The thousands of people occupying Independence Square in Kiev since the fraudulent results of the second round of voting were declared on 21 November – demonstrating, standing, sleeping, and (some at least) falling in love – have made irrelevant both Vladimir Putin’s dream to consolidate Russia’s sphere of influence on the territory of most of the former Soviet Union, and the feverish desire of the Berlin-Paris axis to draw the final borders of the European Union.
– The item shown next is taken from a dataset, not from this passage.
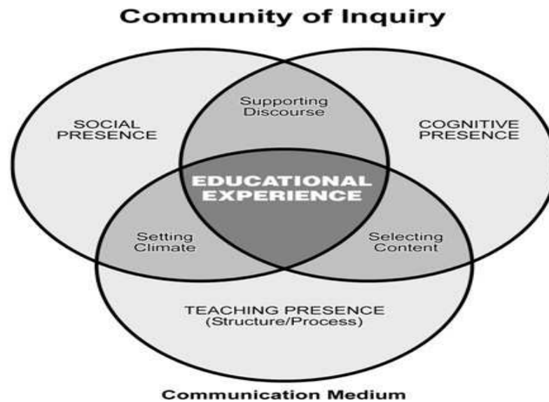
Figura 1 – Modelo de comunidades de inquirição

Este modelo coloca o enfoque na interdependência entre três dimensões: a social a presença cognitiva e a presença. A concepção de uma comunidade de aprendizagem online terá de ter em conta a correlação ideal entre elas para que a experiência educacional seja consumada. Estas três dimensões, como refere Dias (2008, p.6) “representam, o desenvolvimento das competências de análise dos conteúdos, o estabelecimento de um ambiente favorável à partilha das representações individuais num contexto colaborativo e (...) o papel do moderador na concepção e organização das actividades da comunidade.”

In the aftermath of a Yushchenko victory, it is feasible that Russia will continue to press for a partitioned or at least federalised Ukraine – and that European leaders will be forced in response to declare that the door of the union is in principle open to a united Ukraine. This is exactly what makes so many of them deeply unhappy: for the “orange revolution” has shown that the EU’s “soft power” – the ability to mobilise and empower people, to inspire their imagination, to effect change via civic example not superior physical force – itself derives from its soft, shifting, borders.

In this context, comparisons between Ukraine today and central Europe in 1989 are exciting but misleading. The aesthetics are identical, the slogans are similar, people look alike, but the difference is profound. The citizens of Warsaw, Prague, Budapest and Leipzig took to the streets in 1989 demanding a “return to Europe”, where “Europe” stood for the west and the pre-communist past – not the (then) European Community. In 2004, “Europe” means aspiration not return, model not protection, future not past – the European Union. Thus, the “orange revolution” in Kiev is not the last of Europe’s “velvet revolutions” of the late 20th century. It is rather the first of the EU-inspired revolutions of the 21st century.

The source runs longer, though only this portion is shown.